# General Form

## General Form

Now that I’ve covered all forms of the straight line equations (except one), we must look at the general form of the equation of the straight line.

That is to mean, what kind of an equation would represent a straight line? And what kind wouldn’t?

There can be all sorts of equations.. like x + 5y – 6 = 0, xy = 3 and x2 + y= 4. Which of these would represent a straight line? And which of them will not?
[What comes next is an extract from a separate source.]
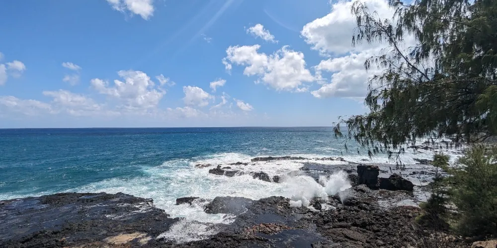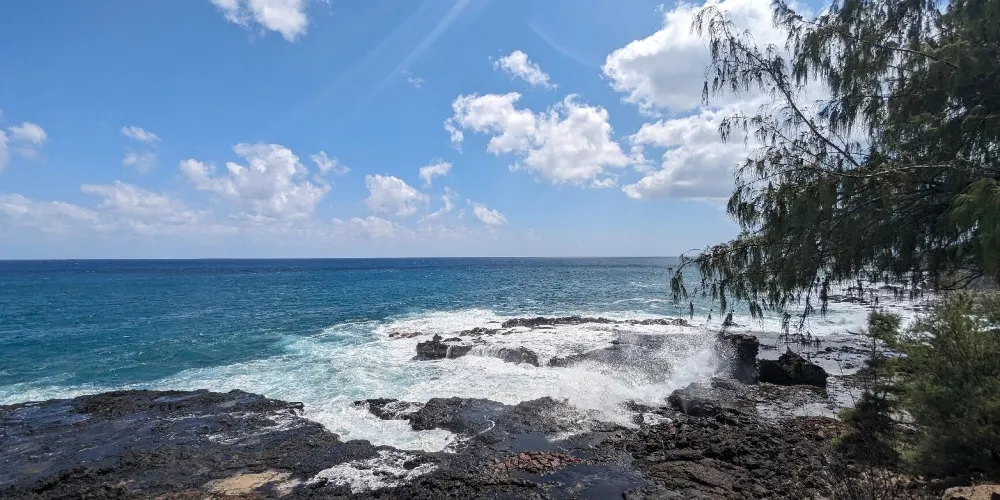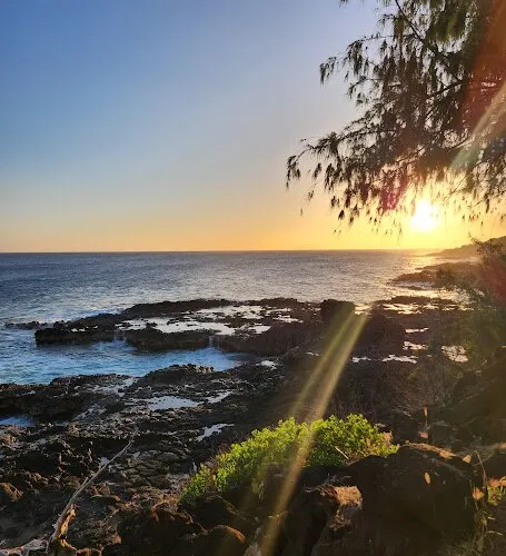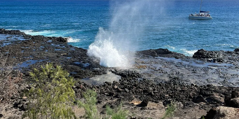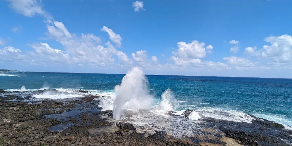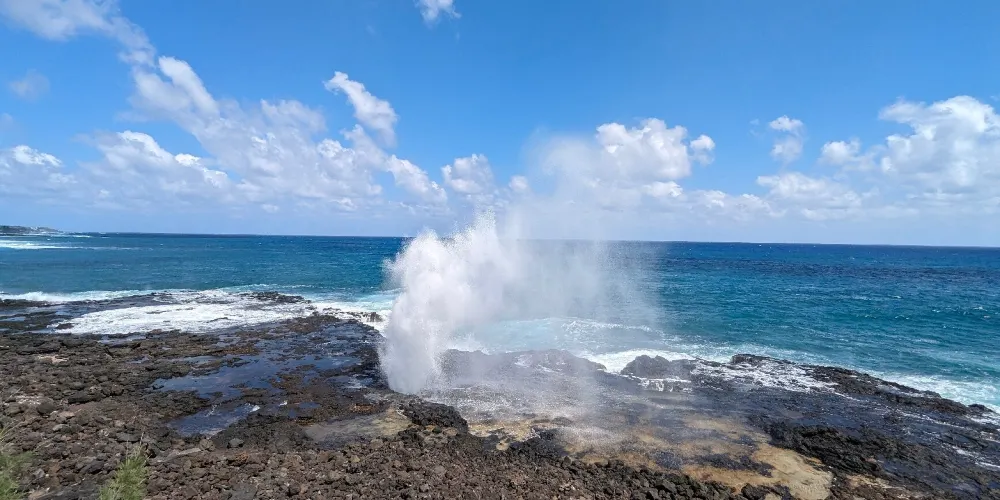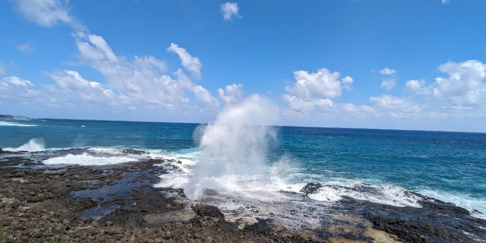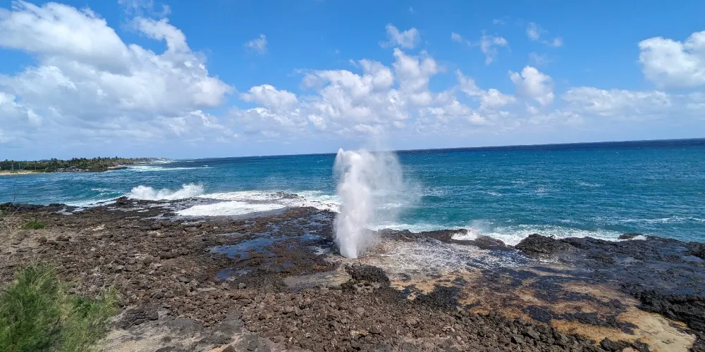 號角噴泉位於美國夏威夷州可愛島南海岸的波普(Poipu)海灘,一直是可愛島熱門的景點。火山噴發流出的熔漿在海邊冷卻後,形成了海灘沿岸的礁石,礁石上留有天然的石洞,海浪拍打時會從石洞中噴出高高的水柱,從而形成了天然噴泉,噴泉噴發時會發出類似於噓聲和怒吼聲的聲音,因此便有了號角噴泉的名字。這裏不僅可以看到自然噴泉這樣的奇觀,還是欣賞日落的好地點。

I claim that an equation of the form Ax + By + C = 0, will represent a straight line. Here A, B, C are arbitrary constants (A and B cannot be both 0), and x and y are variables (which are the coordinates of points on the line)

Here’s a proof..

Suppose B≠0, then after dividing the equation by B and rearranging the terms we get y = (-A/B) x + (-C/B).

By putting -A/B = m and -C/B = c, the above equation becomes y = mx + c. This looks familiar, doesn’t it?

This is a line of slope ‘m’, and y-intercept ‘c’, as we derived here. Therefore, the equation Ax + By + C = 0 represents a line with slope ‘-A/B’ and y-intercept ‘-C/B’.

In case B = 0, then the equation will become x = -C/A. If we put -C/A = a, then the equation becomes x = a, which represents a line parallel to the Y axis (explained here).

Similarly, the equation can be transformed into something like $$\frac{x}{(-C/A)} + \frac{y}{(-C/B)} = 1$$ which is again a line, which has intercepts ‘-C/A’ and ‘-C/B’ on the coordinate axes (explained here).

Therefore, the equation Ax + By + C = 0 represents a straight line.

But what if we hadn’t derived these equations previously?

I’ll give one more proof.

The idea is to prove that any three points taken on the curve represented by Ax + By + C = 0 are collinear. Because if they are, then that curve can be nothing else but a line !

Let P(x1,y1) and Q(x2,y2) and R(x3,y3) be any three points on the curve whose equation is Ax + By + C = 0.

Then the coordinates of these three points must satisfy the equation. We get the following three relations.

Ax1 + By1 + C = 0 (I), Ax2 + By2 + C = 0 (II), Ax3 + By3 + C = 0 (III)

Now, the aim is to prove that, if these relations hold true, then the points must be collinear (we have many methods to do that).

Subtracting (I) from (II), we get A(x2-x1) = B(y2-y1) or (y2-y1)/(x2-x1) = A/B.

Similarly, after subtracting (II) from (III), we get (y3-y2)/(x3-x2) = A/B.

We therefore have (y2-y1)/(x2-x1) = (y3-y2)/(x3-x2), which on rearranging gives x1(y2-y3)+x2(y3-y1)+x3(y1-y2)=0.

On dividing this by 2, we get 1/2[x1(y2-y3)+x2(y3-y1)+x3(y1-y2)] = 0. This means that the area of the triangle PQR is 0, proving that the points are collinear. (We’ve done something like this previously)

And we’re done! We took 3 random points on the curve, and proved that those 3 points are collinear. This can only be possible if the curve is a line. Therefore, the equation Ax + By + C = 0 must represent a line.

Phew ! This might be a little too complex for you. Read it once again, and again once more. Things will get better.

## Lesson Summary

1. Any equation of the form Ax + By + C = 0 (i.e. a linear equation in one or two variables), will represent a straight line on the X-Y plane, where both A and B should not be zero.